Now, eating amazing food isn’t the only activity that takes place during one of PA’s biggest cultural festivals. There are also dance performances and even a church tour and presentation given by Father Michael Varvarelis.
“There are about 80 kids in the dance group, the Olympic Flame Dancers, who are split into three different teams. Every two hours one of the groups performs. They start Friday, go all day Saturday, and on Sunday they do one big feature where all of the dancers come out,” Zozos explains.
Every year, the festival also tries to feature a new or different product. This year, a boutique olive oil will be featured. The company, Argoladi, offers a premium extra virgin olive oil produced by the Vlachopoulos family in Kranidi, Greece. It is then imported and distributed in the USA by Floros-Phelps, LLC. The olive oil, which is cold pressed from the early harvested green olives, has noticable health benefits and has even won several awards.

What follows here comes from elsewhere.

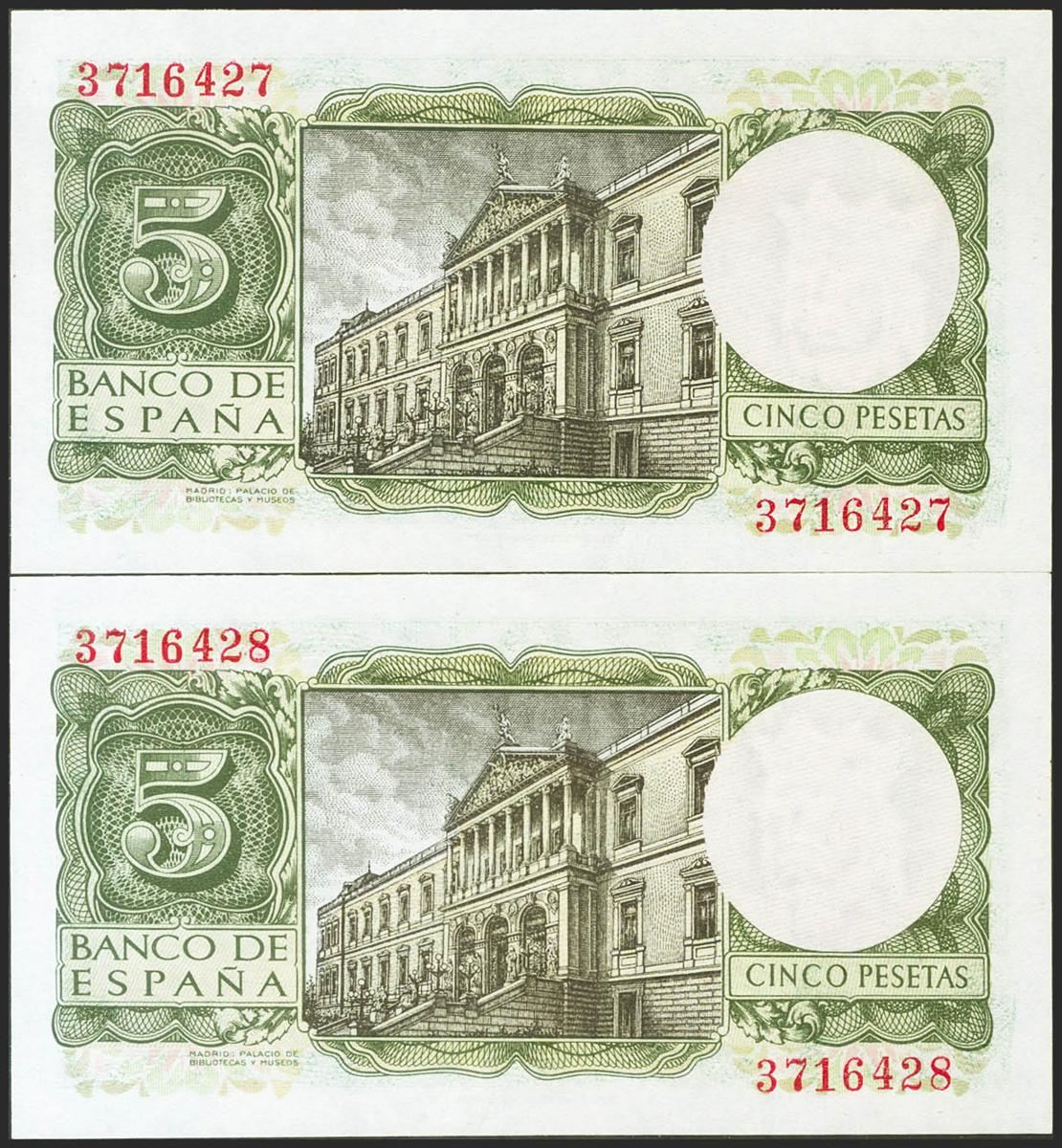 5 Pesetas. 22 de Julio de 1954. Pareja correlativa. Sin serie. (Edifil 2021: 466). Conserva todo el apresto original. SC.

“The early harvest of green olives, is very important because although the yield of the oil is less, the quality of the oil is much better than what you get with ripe olives. Less quantity but higher quality,” says David Phelps, one of the distributors.
“The oil is pressed within 24 to 48 hours. The batch we will be selling was pressed in November 2017 and has very high levels of polyphenols, or antioxidants, which allows us to legally claim health benefits, specifically protection of the lipids from oxidative stress,” explains Joanna Floros, the other half of the distributing team.
Why are the health benefits so emphasized by the Floros-Phelps, LLC team? It might have to do with both of their backgrounds as doctors through Hershey Medical Center. Their connection with the family through knowing them from Greece led to a realization of the shared passion both families had for creating healthy, organic oil.
For more information on the food menu, a map and vendors that will be at the upcoming Greek Festival, check out their website, www.PAGreekFest.com or find them on Facebook.
The festival will take place Friday and Saturday May 17 and 18, from 11 a.m. to 8 p.m. and Sunday May 19 from 11 a.m. to 4 p.m., rain or shine at: Holy Trinity Greek Orthodox Church, 1000 Yverdon Drive, Camp Hill PA 17011
These buttery golden twists are a traditional treat in Greece, where they are usually made for Easter and other celebrations. I enjoy making these Greek cookies to keep me in touch with my heritage
• 6 eggs
• ½ lbs butter (2 sticks) -melted and cooled
• 1 ½ cups of sugar
• 2 ½ teaspoons baking powder
• 2 ¼ – 2 ½ lbs sugar
• 1 egg beaten for egg wash
Preheat oven to 350º F Beat the eggs, add sugar, then slowly pour melted butter in while whisking.
After all wet ingredients are mixed well; Add baking powder.
Slowly add flour to the outsides of your bowl while making small circles with your whisk.
Dough will start to tighten up and get more firm…keep adding!
When it is not possible to use the whisk anymore it’s time to use your hands.
While continuing to add flour to the edges of the bowl, keep working in flour in a kneading motion. Do this until dough is firm enough to roll out into strands about the thickness of your pinky finger (flour for rolling optional).
After you have formed your cookies place them on a pan and use a pastry brush to coat them with the egg (egg wash).
Cook until golden brown, approx. 10-12 minutes.